I lost my baby at 38w5d and gave birth to her at 39w1d on the 14th April.

I am still waiting for my lochia to stop, but I was wondering how long other people waited to try again?

Our midwife said that we could try straight away because if my body wasn't ready I wouldn't conceive, but I want to wait until the lochia has stopped and I have had my 6 week check up. Waiting is so hard though :-(


----------



## lch28

I am so sorry for your loss hun. If your midwife says you can try straight away then that means health wise you can. However it is ultimately up to you, if you prefer to wait then you should. It is extremely hard to wait, i think if it is going to happen it will and to just BD when you want too


----------



## emnmaa

Hubby and I have also been thinking about this. It already feels like it's been months and months since Maya died so it feels more natural to us to not wait too long. However, I feel the need to let my body recover from the pregnancy and give ourselves time to have a sex life again. We're going to see our gp soon to sort out some medium term contraception -I'm thinking implant. 
But saying all this, you and your husband aren't us so in the end you will do what feels right for your family. 

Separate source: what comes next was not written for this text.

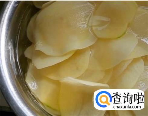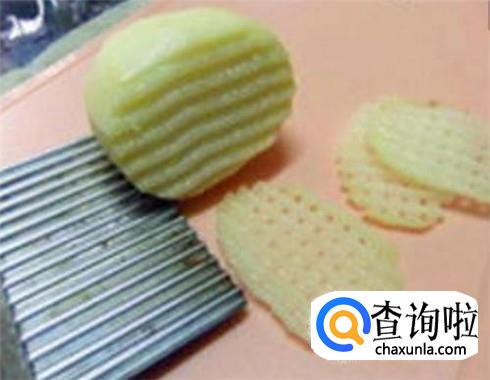 土豆去皮,用清水清洗干净,然后切成片,你家里要是有那种且大波浪片的波浪刀的话,直接切呈波浪形状吧,看起来更好玩一些。

Wishing you love and smiles. Be good to yourselves,
Emma and Maartijn. X

P.s. I think we've spoken on reddit! :)


----------



## keepthefaithx

hey hun i am so sorry for you loss i know someone who had a stillbirth and had to wait 3 months, def see what your dr says, fxd for you xoox


----------



## missy_s

im very sorry for your loss. i lost my daughter at 31 weeks in 2007 i waited a few months before i started ttc again but we were told we could try after 6 weeks but i didnt feel up to it iykwim 

sasha xx


----------



## keepthefaithx

emnmaa said:


> hubby and i have also been thinking about this. It already feels like it's been months and months since maya died so it feels more natural to us to not wait too long. However, i feel the need to let my body recover from the pregnancy and give ourselves time to have a sex life again. We're going to see our gp soon to sort out some medium term contraception -i'm thinking implant.
> But saying all this, you and your husband aren't us so in the end you will do what feels right for your family.
> 
> Wishing you love and smiles. Be good to yourselves,
> emma and maartijn. X
> 
> p.s. I think we've spoken on reddit! :)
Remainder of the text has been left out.